(Problem requirements):
Each entry must come back word for word; drop the images as you go.

+++

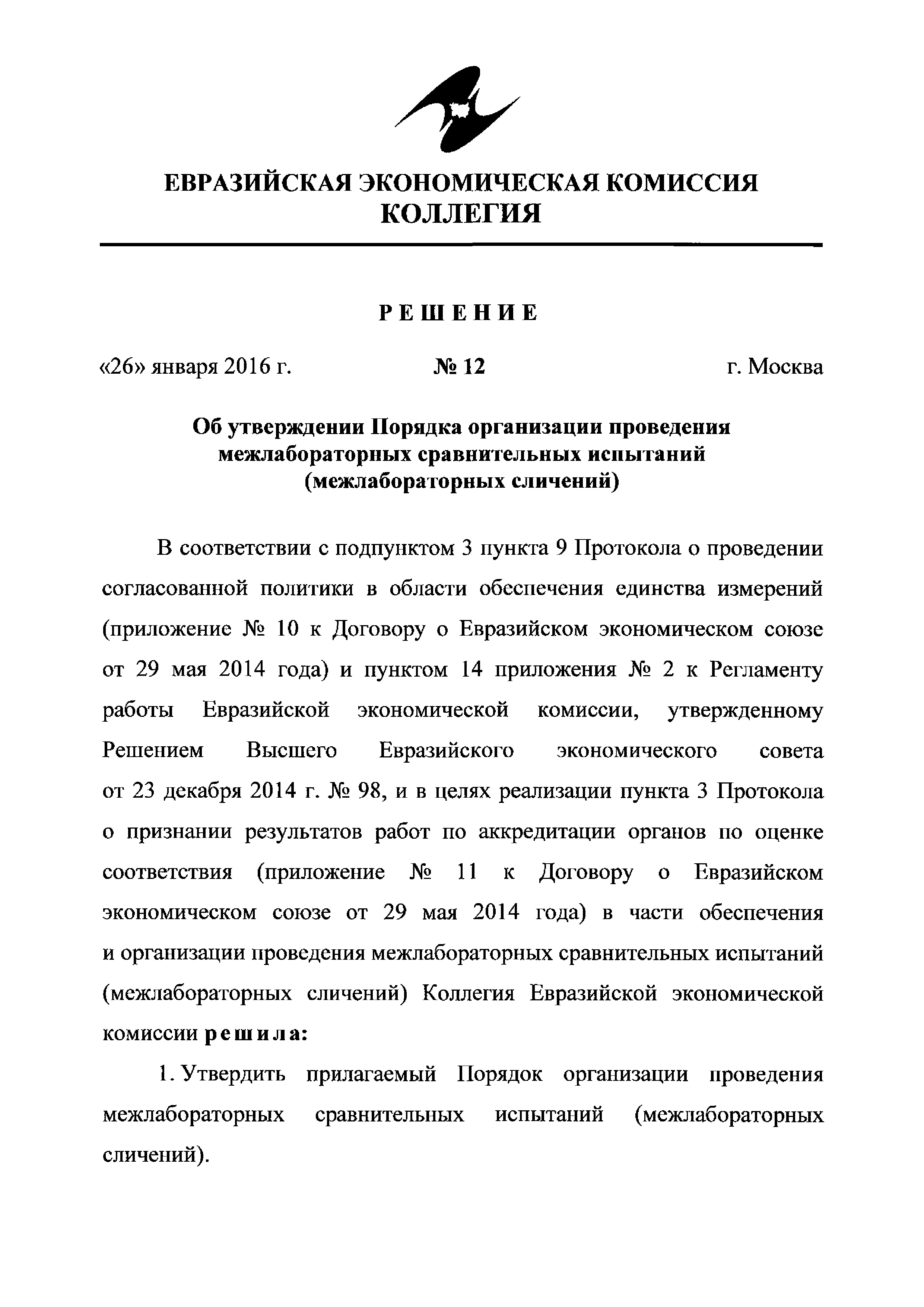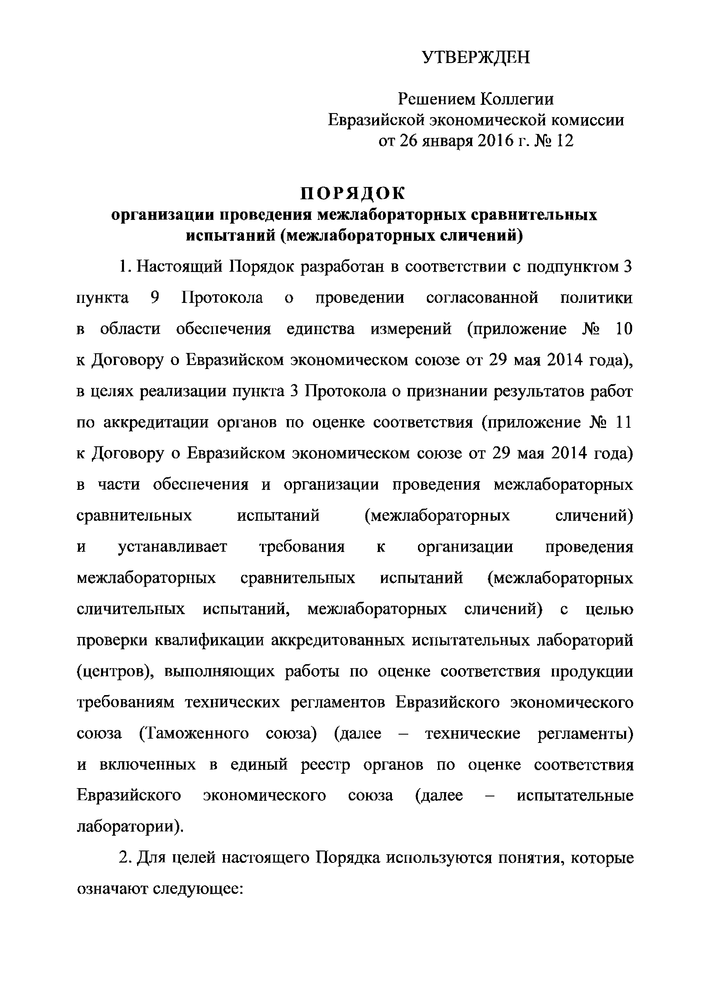 Порядок организации проведения межлабораторных сравнительных испытаний (межлабораторных сличений)| Статус: | действует | | Название рус.: | Порядок организации проведения межлабораторных сравнительных испытаний (межлабораторных сличений) | | Дата добавления в базу: | 01.02.2017 | | Дата актуализации: | 01.01.2021 | | Дата введения: | 29.01.2017 | | Утверждён: | 26.01.2016 Коллегия Евразийской экономической комиссии (12)
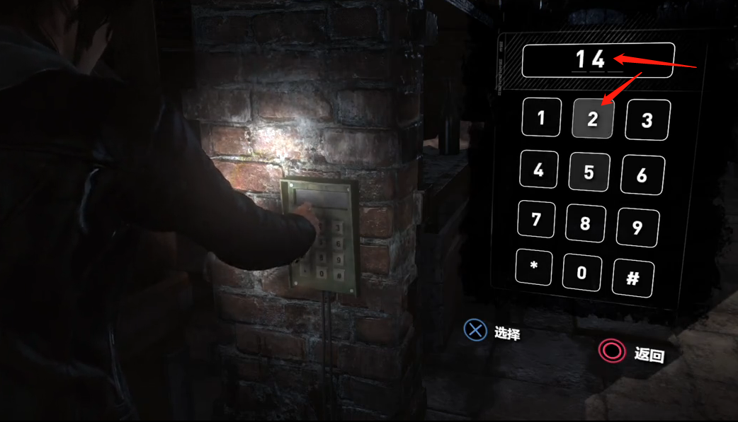 2、纸的反面是一组埃及象形文字,对照劳拉小时候学习的象形文字图表就可以知道数字,最终确定地下室密码是142。
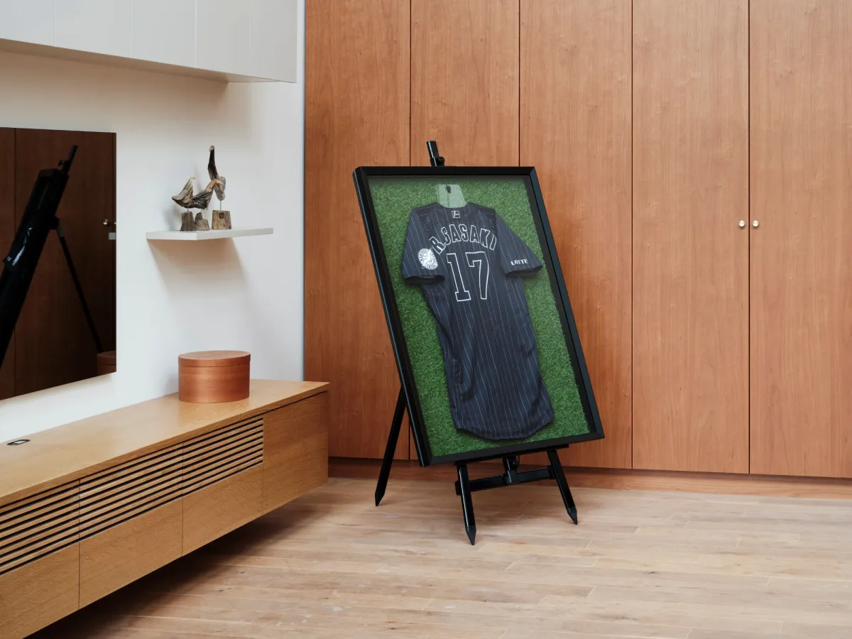 表面には高級感あふれるマット調の加工が施され、ユニフォームをより格調高く演出します。これにより、単なる額装としてだけでなく、インテリアとしての完成度も高まっています。
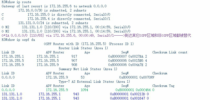 O*N2 0.0.0.0/0 [110/1] via 172.16.255.2, 00:09:17, Serial0/1
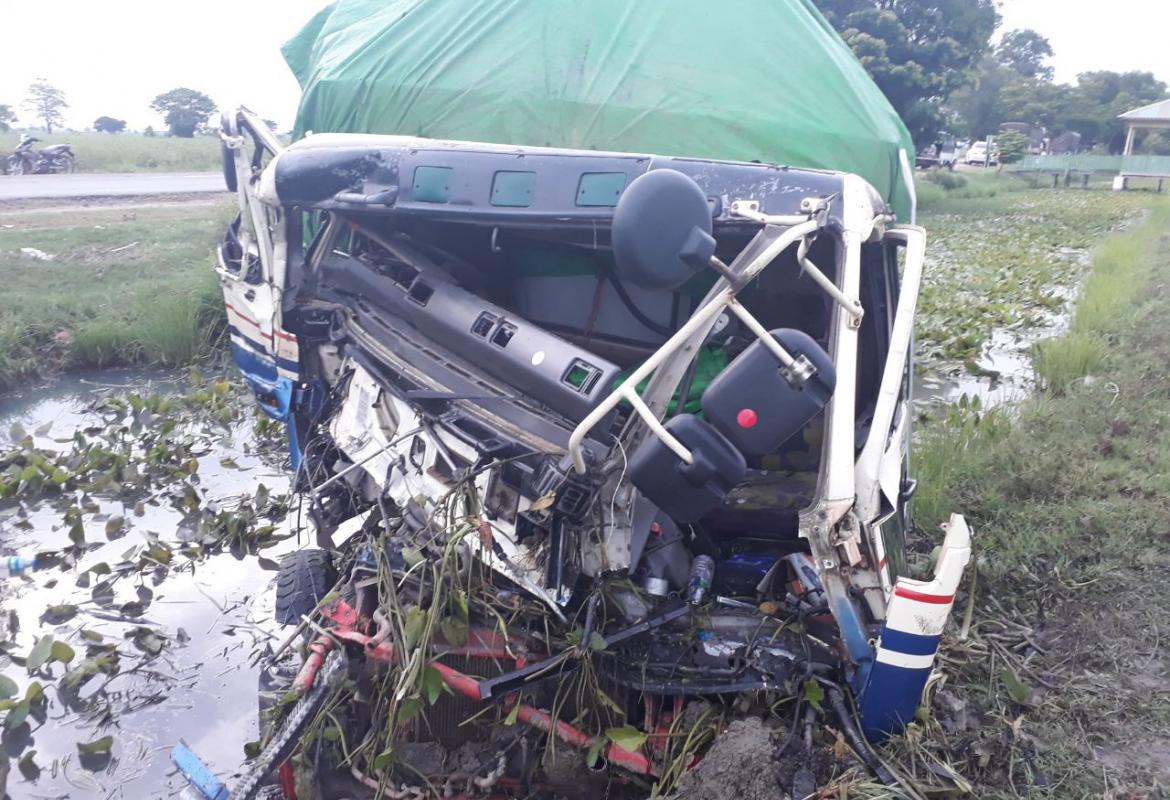 လမ်းဘေးတွင် ရပ်တန့်ထားသော ၆ ဘီးယာဉ်အား ၁၂ ဘီးယာဉ်မှ ဝင်တိုက်မိ၍ ယာဉ်မောင်းတစ်ဦး သေဆုံး
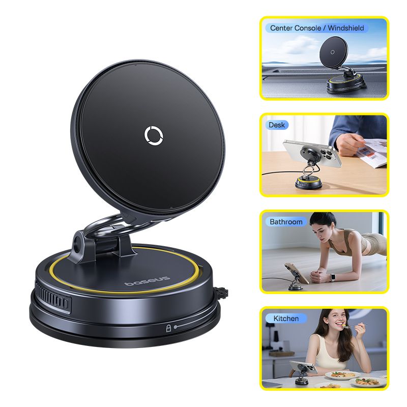 BASEUS Холдер Wireless 15W PrimeTrip VC2 Flex Pro Manual rotating с вакуум /черен/ - C0013F01
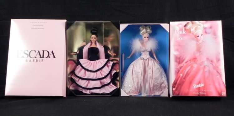 Here are two Barbies from Limited edition sets * Included sets:Pink Ice Princess Barbie DollEscada Barbie Ltd. Edition --- Escada continues to be a premier couture design house although they only created he one small collection of dolls * Detail: Mint in box * We are offering a very large collection of Barbie dolls that have never been opened, which came from an estate in Colorado. This wonderful collection contains hundreds of different dolls, dating back to 1962. This special collection of dolls and accessories were collected as a series and were completed over a period of 20 years. All of the items are in pristine condition and mint in box. We are proud to bring you this collection and sincerely hope that these dolls complete your collection of happiness. *
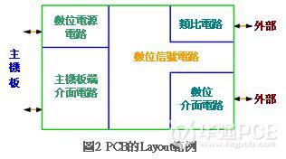 圖2是典型的印刷電路基板Layout范例,如圖所示該電路基板是復(fù)數(shù)個電路基板之中的一片,此時只要透過主機板就能夠進行信號交易。主機板執(zhí)行基板之間的數(shù)據(jù)交易時通常會有Bus通行,雖然圖2的基板主體是數(shù)字電路,不過卻混載小規(guī)模的模擬電路。
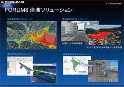今回は、東日本大震災の影響等もあり、津波解析シミュレーションに注目が集まっていました。具体例としては、UC-win/Roadとxpswmmを利用し、「今回の地震に対する防波堤の効果を解析したい」あるいは「防波堤の効果の検証と今後の対策について解析を行い、可視化し避難路等の検討や住民説明会などで活用したい」といったものです。

+++

(Answer below):
 Порядок организации проведения межлабораторных сравнительных испытаний (межлабораторных сличений)| Статус: | действует | | Название рус.: | Порядок организации проведения межлабораторных сравнительных испытаний (межлабораторных сличений) | | Дата добавления в базу: | 01.02.2017 | | Дата актуализации: | 01.01.2021 | | Дата введения: | 29.01.2017 | | Утверждён: | 26.01.2016 Коллегия Евразийской экономической комиссии (12)
 2、纸的反面是一组埃及象形文字,对照劳拉小时候学习的象形文字图表就可以知道数字,最终确定地下室密码是142。
 表面には高級感あふれるマット調の加工が施され、ユニフォームをより格調高く演出します。これにより、単なる額装としてだけでなく、インテリアとしての完成度も高まっています。
 O*N2 0.0.0.0/0 [110/1] via 172.16.255.2, 00:09:17, Serial0/1
 လမ်းဘေးတွင် ရပ်တန့်ထားသော ၆ ဘီးယာဉ်အား ၁၂ ဘီးယာဉ်မှ ဝင်တိုက်မိ၍ ယာဉ်မောင်းတစ်ဦး သေဆုံး
 BASEUS Холдер Wireless 15W PrimeTrip VC2 Flex Pro Manual rotating с вакуум /черен/ - C0013F01
 Here are two Barbies from Limited edition sets * Included sets:Pink Ice Princess Barbie DollEscada Barbie Ltd. Edition --- Escada continues to be a premier couture design house although they only created he one small collection of dolls * Detail: Mint in box * We are offering a very large collection of Barbie dolls that have never been opened, which came from an estate in Colorado. This wonderful collection contains hundreds of different dolls, dating back to 1962. This special collection of dolls and accessories were collected as a series and were completed over a period of 20 years. All of the items are in pristine condition and mint in box. We are proud to bring you this collection and sincerely hope that these dolls complete your collection of happiness. *
 圖2是典型的印刷電路基板Layout范例,如圖所示該電路基板是復(fù)數(shù)個電路基板之中的一片,此時只要透過主機板就能夠進行信號交易。主機板執(zhí)行基板之間的數(shù)據(jù)交易時通常會有Bus通行,雖然圖2的基板主體是數(shù)字電路,不過卻混載小規(guī)模的模擬電路。
今回は、東日本大震災の影響等もあり、津波解析シミュレーションに注目が集まっていました。具体例としては、UC-win/Roadとxpswmmを利用し、「今回の地震に対する防波堤の効果を解析したい」あるいは「防波堤の効果の検証と今後の対策について解析を行い、可視化し避難路等の検討や住民説明会などで活用したい」といったものです。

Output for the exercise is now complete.